Data:
------------------------------------------------------------------------
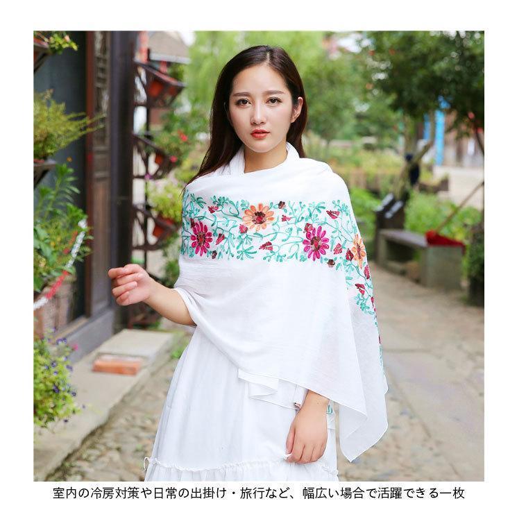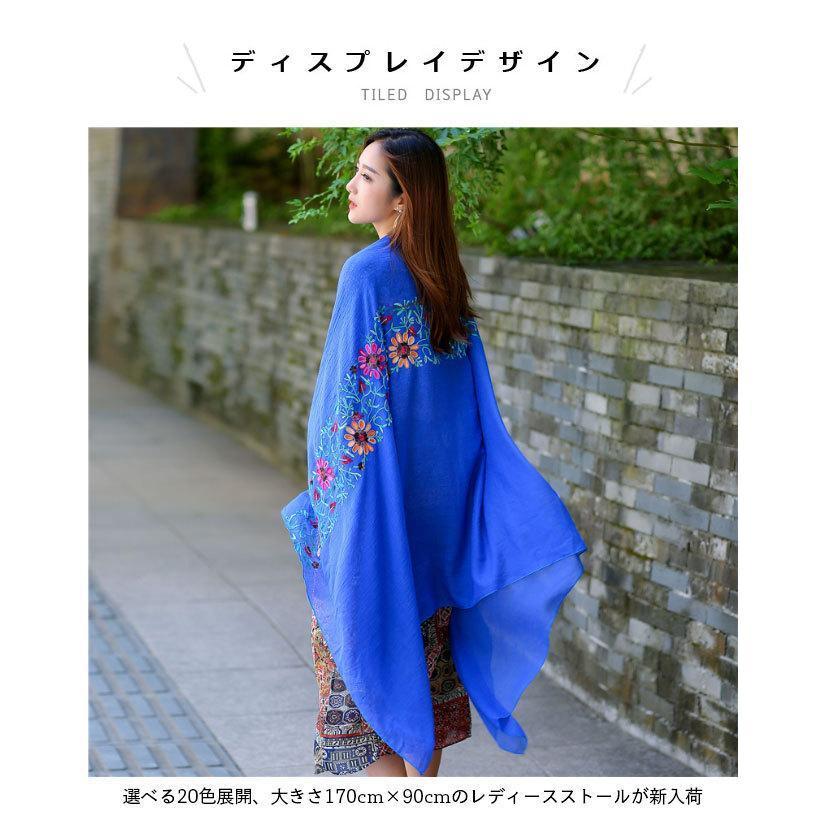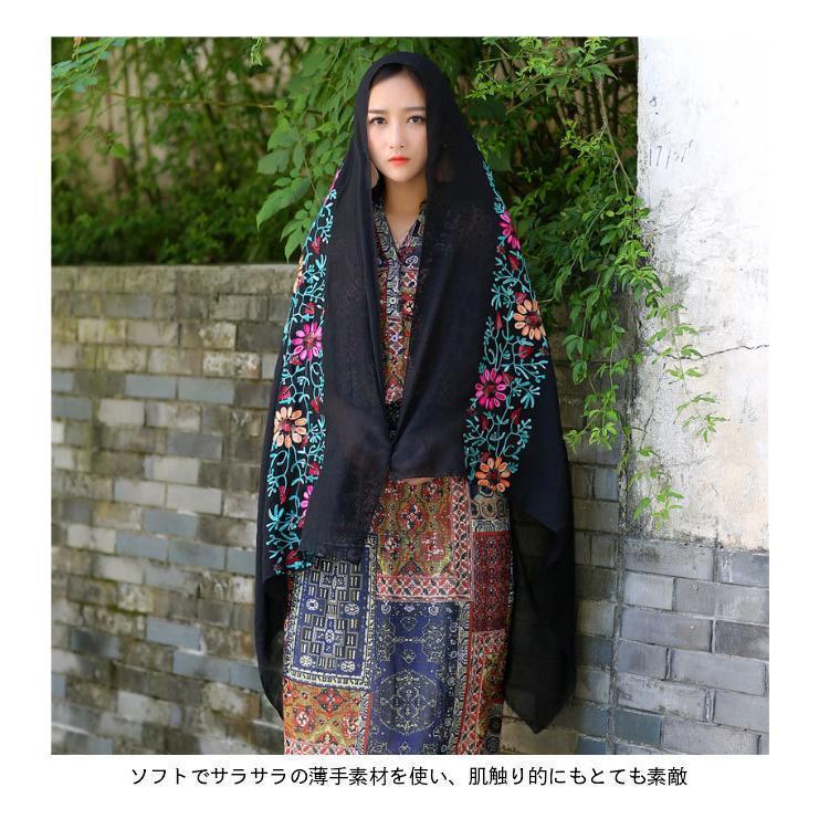 ストール 刺繍 大判 マフラー 秋新作 レディース 肩掛け 薄手 花柄 襟巻き ネックウォーマー エスニック 刺繍マフラー レトロ レジャー 刺繍ストール 大判サイズ 170cm×90cm 冷房対策 冷え対策
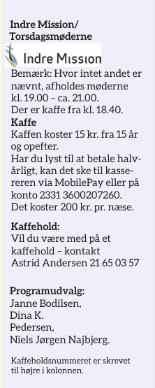 Mødested og tid: Missionshuset Bethel, Nørregade 22, Bjerringbro kl. 19.00 når ikke andet er oplyst: Se ½-årsprogrammet her.
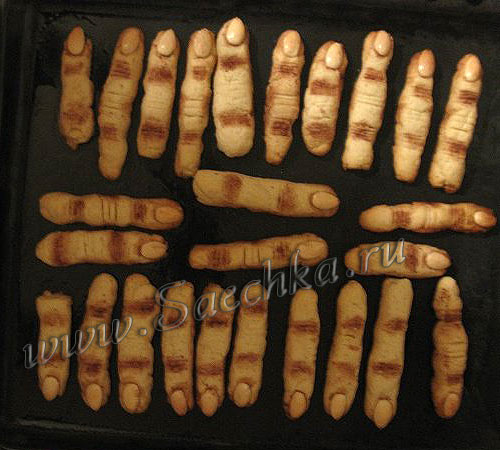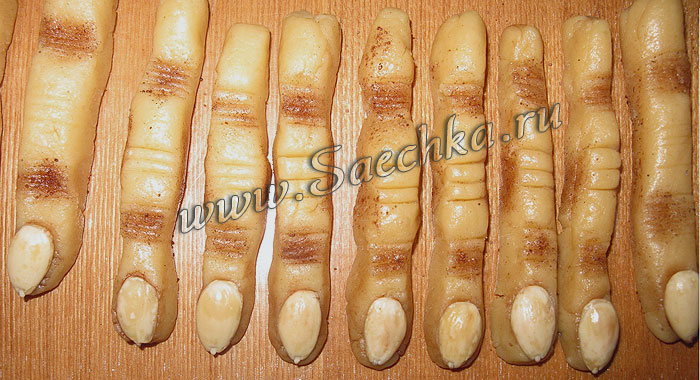 Печенье "Пальцы ведьмы" приготовлено на Хеллоуин.
------------------------------------------------------------------------
Exercise directions:
Nothing but the lines from the line with "Mødested og tid: Missionshuset" through the last line of the data above should be printed, exactly as written and without pictures.

Reply:
 Mødested og tid: Missionshuset Bethel, Nørregade 22, Bjerringbro kl. 19.00 når ikke andet er oplyst: Se ½-årsprogrammet her.
 Печенье "Пальцы ведьмы" приготовлено на Хеллоуин.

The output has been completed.